* **Your objective**
Repeat exactly the lines below, from the line containing "看到王祖贤的自拍,有网友感慨" through the last line, both included. Leave out any pictures.

[Record excerpts]

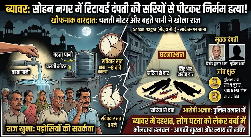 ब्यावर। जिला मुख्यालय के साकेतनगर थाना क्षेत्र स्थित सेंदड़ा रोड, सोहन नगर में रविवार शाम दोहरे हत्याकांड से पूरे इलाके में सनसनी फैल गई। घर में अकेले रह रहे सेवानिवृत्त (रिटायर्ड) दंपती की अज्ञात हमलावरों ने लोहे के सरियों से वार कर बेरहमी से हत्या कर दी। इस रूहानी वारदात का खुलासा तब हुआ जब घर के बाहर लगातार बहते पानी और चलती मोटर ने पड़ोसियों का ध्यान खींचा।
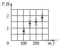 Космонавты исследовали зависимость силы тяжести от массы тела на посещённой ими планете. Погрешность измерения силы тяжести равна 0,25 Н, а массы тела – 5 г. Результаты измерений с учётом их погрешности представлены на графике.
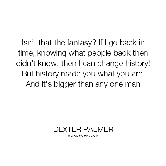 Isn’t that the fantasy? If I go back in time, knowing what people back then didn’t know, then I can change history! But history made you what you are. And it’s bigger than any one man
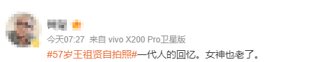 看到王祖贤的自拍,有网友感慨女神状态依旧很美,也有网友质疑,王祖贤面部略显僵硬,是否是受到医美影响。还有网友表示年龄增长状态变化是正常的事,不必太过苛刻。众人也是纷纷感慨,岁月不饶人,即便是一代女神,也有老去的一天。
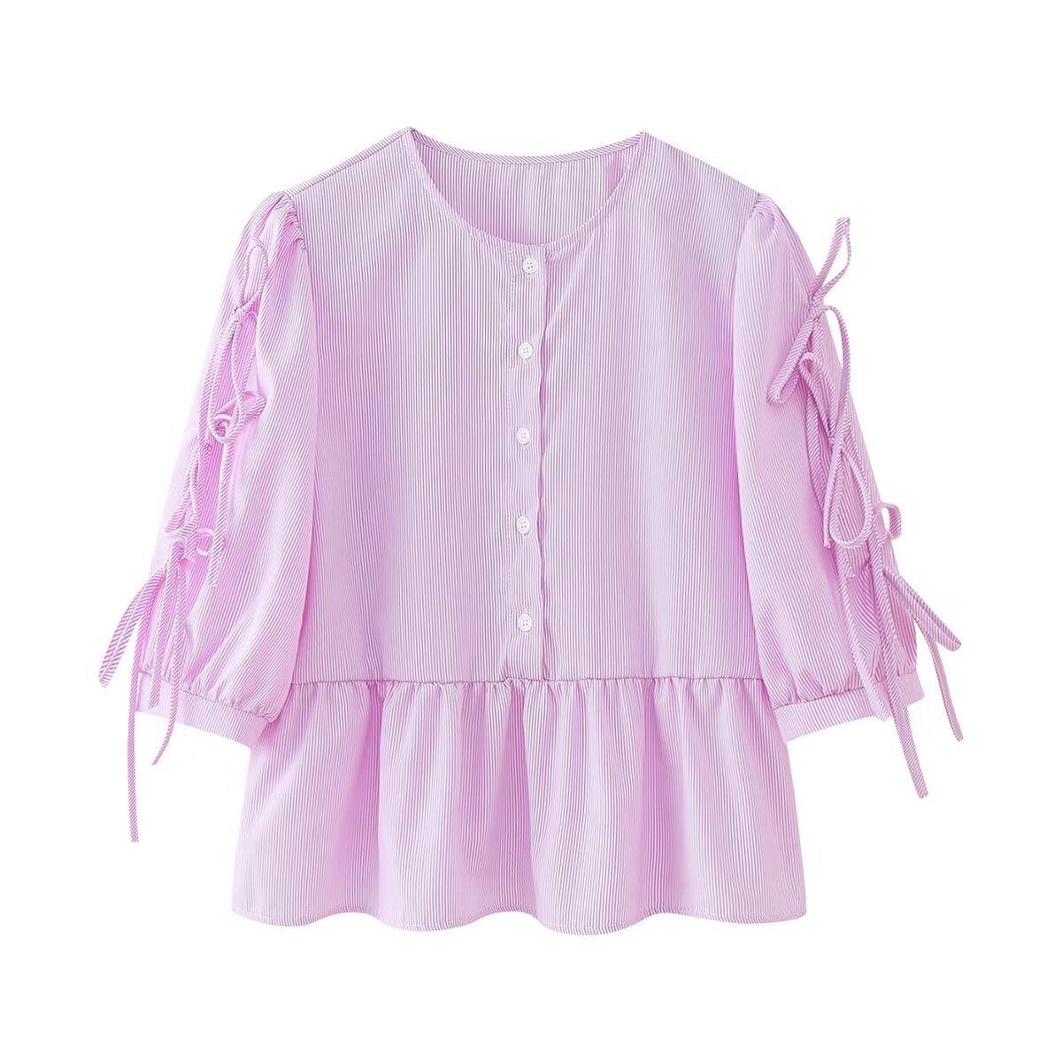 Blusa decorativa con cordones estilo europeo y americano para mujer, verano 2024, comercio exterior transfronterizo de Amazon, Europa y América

[/Record excerpts]

* **Exercise answer**
 看到王祖贤的自拍,有网友感慨女神状态依旧很美,也有网友质疑,王祖贤面部略显僵硬,是否是受到医美影响。还有网友表示年龄增长状态变化是正常的事,不必太过苛刻。众人也是纷纷感慨,岁月不饶人,即便是一代女神,也有老去的一天。
 Blusa decorativa con cordones estilo europeo y americano para mujer, verano 2024, comercio exterior transfronterizo de Amazon, Europa y América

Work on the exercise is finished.